The whole time I have been writing, the Pete Seeger folksong,”Turn! Turn! Turn!”, (as sung by the Byrds), has been playing in my head. “To everything, turn, turn, turn, there is a season, turn, turn, turn, and a time to every purpose under heaven.” The words are straight out of the book of Ecclesiastes. It is easy to see the purpose in each of the earth’s seasons but it is less easy to see them in ours. But each year, each decade that we live on earth is to have meaning and purpose. Each season we live builds on the one preceding it, refining us, and leading us closer to who we are meant to be.

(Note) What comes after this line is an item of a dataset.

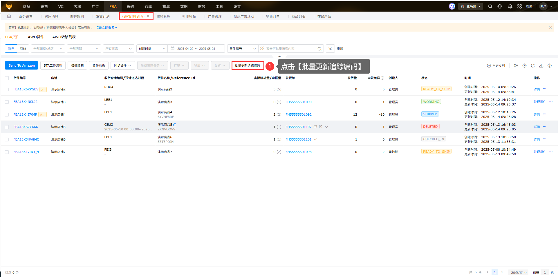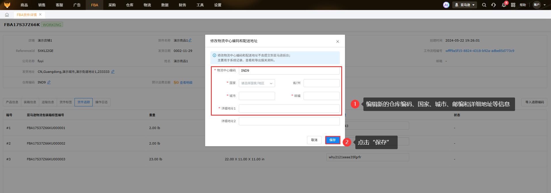支持修改仓库编码:目前部分仓库由于亚马逊接口未及时更新仓库代码信息,可能出现仓库和亚马逊后台的货件仓库不一致,不是实际入仓地址的情况,针对这种情况,系统FBA货件页面支持编辑修改仓库编码,修改成正确的仓库展示,系统修改只影响系统中的仓库展示,不会影响亚马逊后台的货件数据

I think of all this as I look ahead. I will be anxious. There will be long days of living in winter darkness and trudging through spring mud but there will be the aching beauty of awakening springs and the comfort of summer warmth. I will be growing older but my life will be rich with all that my preceding years have given me. I still have so much to look forward to, so much of life yet to live. There are people to invest in and dreams to fulfill and places to visit, I will find new reasons for living and an even greater purpose for my life than I have now. And, in the midst if it all, I will say, with great joy,“This season has been my most favorite yet!”
How do you feel about the next season in your life?